Use a negative number in to refer to the elements at the end of an Array. Remember that -1 will access the very last element, so -2 will get the next-to-last element.


table="Name,Profit,Loss
James,100,12
Bob,20,42
Sara,50,0
Totals,170,(54)"         

puts table.split("\n")[1..-2]
#=> James,100,12
#=> Bob,20,42
#=> Sara,50,0

Return to chapter outline

Hashes

Think of the Hash object as an Array that can use any data object as a key (the Hash version of an index). In Python, this is referred to as a Dictionary.

A hash uses curly brackets { } around its elements. The notation is a little more complicated than it is for an Array. To associate a key with a value, use the => (referred to as a "hash rocket" (however, in Ruby 1.9+, the hash rocket can be replaced with a simple colon :).

hsh = {1=>"Alaska", "blue"=>"orange", "The answer to life"=>42, -100=>200}

Just like with arrays, use square brackets [ ] to get a hash's value at a particular key:

puts hsh[1]
#=> Alaska   

puts hsh["blue"]   
#=> orange

Note: While it's possible, it is inadvisable to use something like an Array as a key unless you really have to. Remember how operations like push and pop modify an array in-place? Pushing an element onto an Array will essentially change the value it has as a Hash key. Read this article if you really care. I can't recall the last time I used something other than a string or number as hash keys.

Comparing Hash and Array operations

Here's a table showing the common collection-type operations for arrays and hashes.

Operation	Array	Hash
Basic initialization	`arr = []`	`hsh = {}`
Initialize with values	`arr = [ ["dog", "Fido"], ["cat", "Whiskers"] ]`	`hsh = { "dog"=>"Fido", "cat"=>"Whiskers" }`
Add new element	`arr << ["pig", "Wilbur"]`	`hsh["pig"] = "Wilbur"`
Get last element	`puts arr[-1].join(': ') #=> pig: Wilbur`	N/A
Get the name of the "cat"	`arr.assoc('cat')[1]`	`hsh['cat']`
Iterate and print strings in the format of `"ANIMAL: NAME"`	`arr.each{\|a\| puts a.join(': ')}`	`hsh.each_pair{ \|k,v\| puts "#{k}: #{v}"}`

Hash chaos

You already know that you use push or << to add an element to the end of on an existing Array. But these methods do not work for a Hash.

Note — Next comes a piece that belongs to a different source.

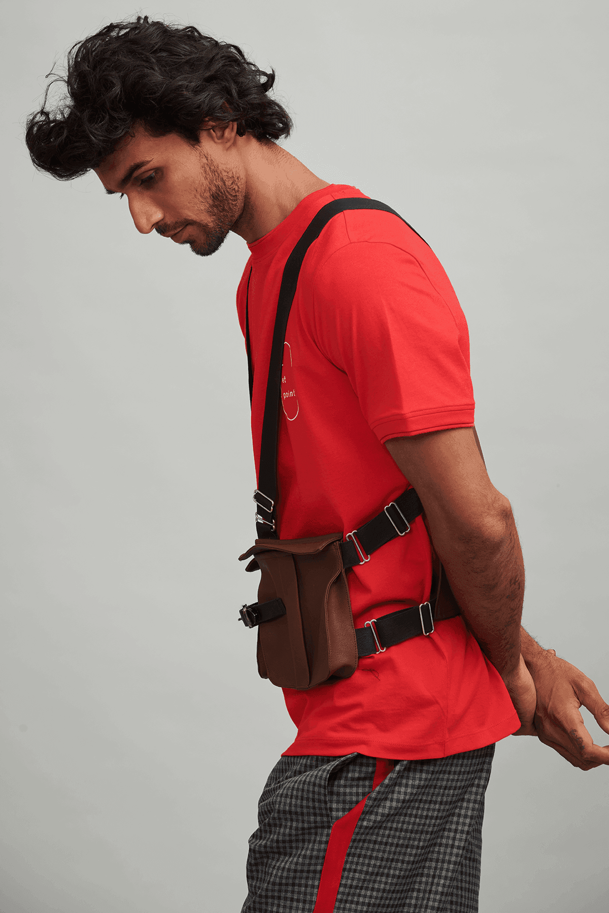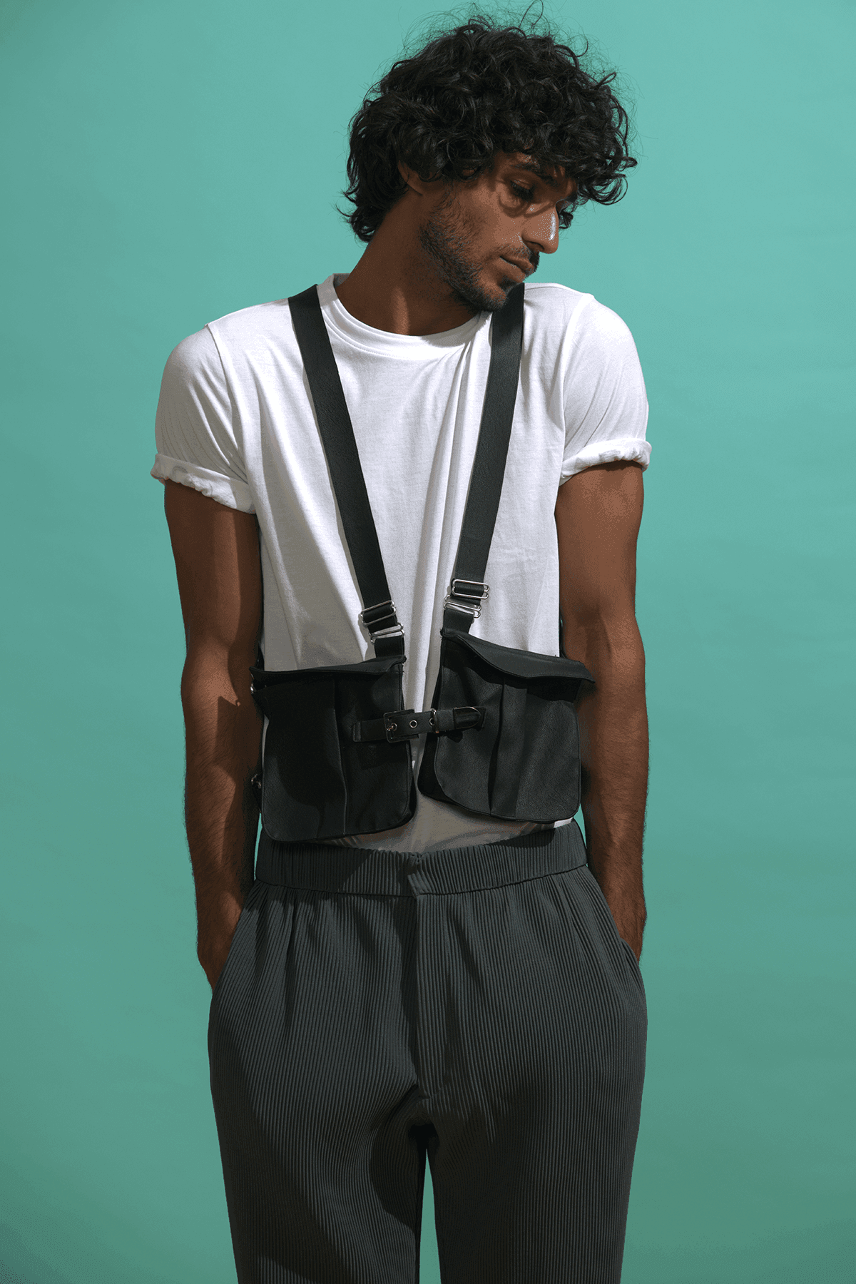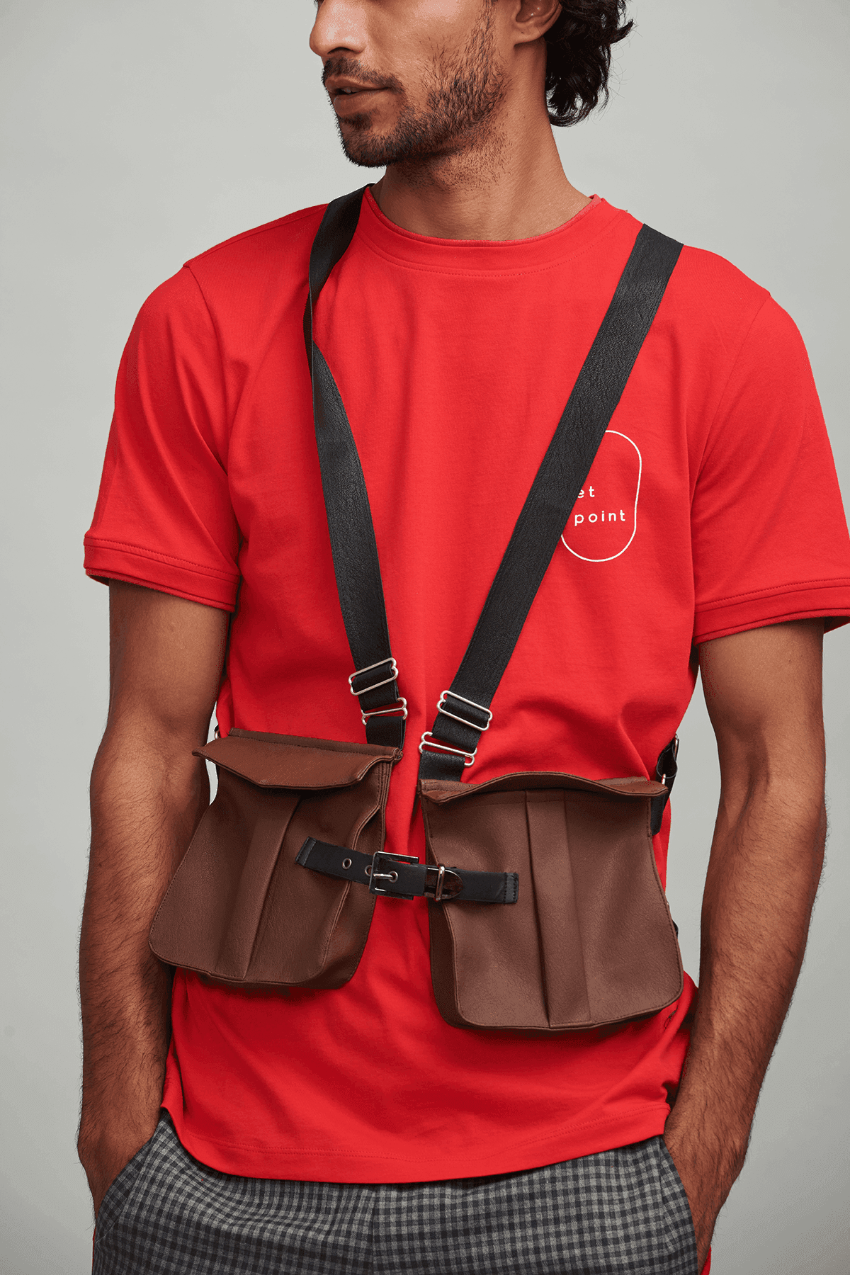 Utility harness made of vegan leather. Ideal for travel, toolkits, or everyday work. 2 large sized pockets in the front, adjustable straps on the shoulder and waist. Buckle front.

So how do you add a new element (also referred to as a key-value pair for hashes) to the end of a Hash?

You don't. Actually, you just can't add something to the end of a Hash.

The key word is "end". Hash elements (before Ruby 1.9x) do not maintain the order in which they were added.

So, in the table of comparisons in the previous section, even though "pig"=>"Wilbur" was the last key-value pair to be added to hsh, it will not necessarily appear last when iterating through that Hash with each.

As I noted in the aside above, Ruby 1.9 hashes do keep their order. This is a nice optional cherry-on-the-top. Since they've been unordered in Ruby 1.8 and below, I've generally used hashes when the order of the elements is not important.

Exercise: Convert an array into a hash

Write a loop to convert arr_pets into the equivalent hash:


arr_pets = [["dog", "Fido"], ["cat", "Whiskers"], ["pig", "Wilbur"]]

Solution

Initialize an empty Hash object and fill it by iterating through arr_pets with each.

Here's the verbose way to do it:


hsh_pets = {}
arr_pets.each do |x|
   key = x[0]
   val = x[1]
   hsh_pets[key] = val
end 

#=> hsh_pets = {"cat"=>"Whiskers", "pig"=>"Wilbur", "dog"=>"Fido"}

And here's the one-line version:


hsh_pets = {}
arr_pets.each{|x| hsh_pets[x[0]] = x[1]}

Why choose a `Hash` over an `Array`?

Anything you use a Hash for, you can generally do through an equivalent Array. But a Hash can be easier to maintain and manipulate. Because when it comes to addresses – and indices – humans remember words better than they do numbers.

Let's use as an example a dataset of campaign contributors:

Name	State	Candidate	Amount
John Doe	IA	Rep. Smithers	$300
Mary Smith	CA	Sen. Nando	$1,000
Sue Johnson	TX	Rep. Nguyen	$200

This can be represented as an array nested in an array. Each row is represented as an array, with each field appearing in the array in the same order it does in the table. And all these arrays are themselves stored in an array, in the same order they are listed in original table:


rows = [["Name", "State", "Candidate", "Amount"],
["John Doe", "IA", "Rep. Smithers", "$300"],
["Mary Smith", "CA", "Sen. Nando", "$1,000"],
["Sue Johnson", "TX", "Rep. Nguyen", "$200"]]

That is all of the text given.